To get to it, my wife gave me a lift, part of the way at least, on her way to work. The remainder of my journey was on foot, about half a mile or so. Me, walk, unheard of, but I quite enjoyed it, passing and actually seeing houses that I’ve been past a thousand times before but have never really noticed. I also went by two schools and observed just how many fathers take their kids to school these days; changed times, I was almost the only one when I did the school run when my kids were young.

I exchanged ‘good morning’ with the lollipop man at the zebra crossing near the school. He then shouted hello to a passing bread delivery van driver, who I’m guessing, he sees every day, a passing friendship. I noted interaction between many people, smiling and talking as they met each other; parents cajoling their children along as they did so.

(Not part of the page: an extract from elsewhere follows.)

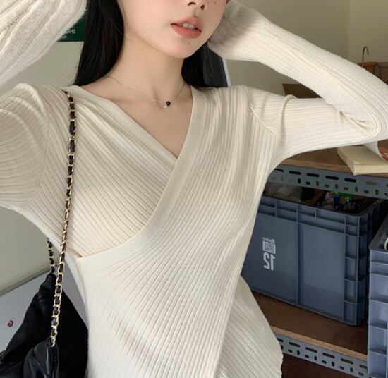 ニットトップス レディース トップス ニット セーター Vネック 長袖 クロスデザイン カジュアル お出掛け おしゃれ アプリコット ブラック プルオーバー スリムフィット リブニット トップス
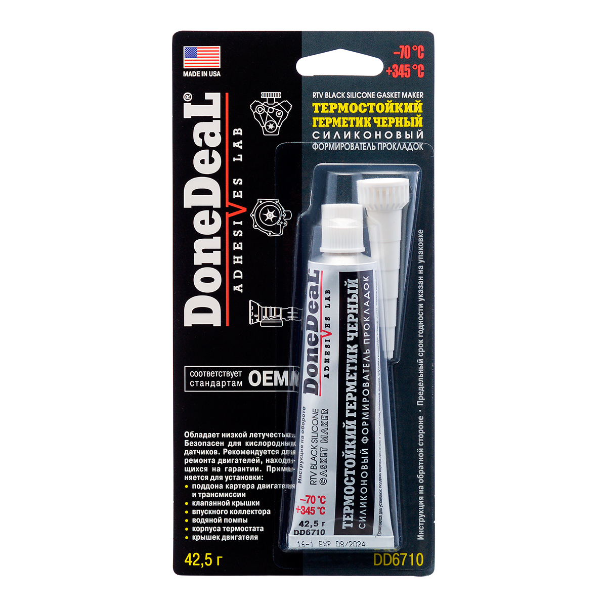 - Устойчив к воздействию автомобильных жидкостей, включая моторные и трансмиссионные масла, ATF, воду, антифриз.

I also wondered why there was no queuing traffic at the junction with the main road as there always is when I’m in the car or is that just my perception when driving, trying to get somewhere in a hurry?

The sauntered walk was no more than ten minutes or so but I saw so much more of life in that time than I normally do when driving. The thing is, until my journey was over, I hadn’t realised I had taken all of this in, but I now have more stored memories to draw upon whilst writing.

So, the moral of the story? More drive drinking I think; or, I could get a dog. Either way, I think that, as a writer, due to my unconscious observational skills, my writing will benefit, and I might lose the beer belly too, haha.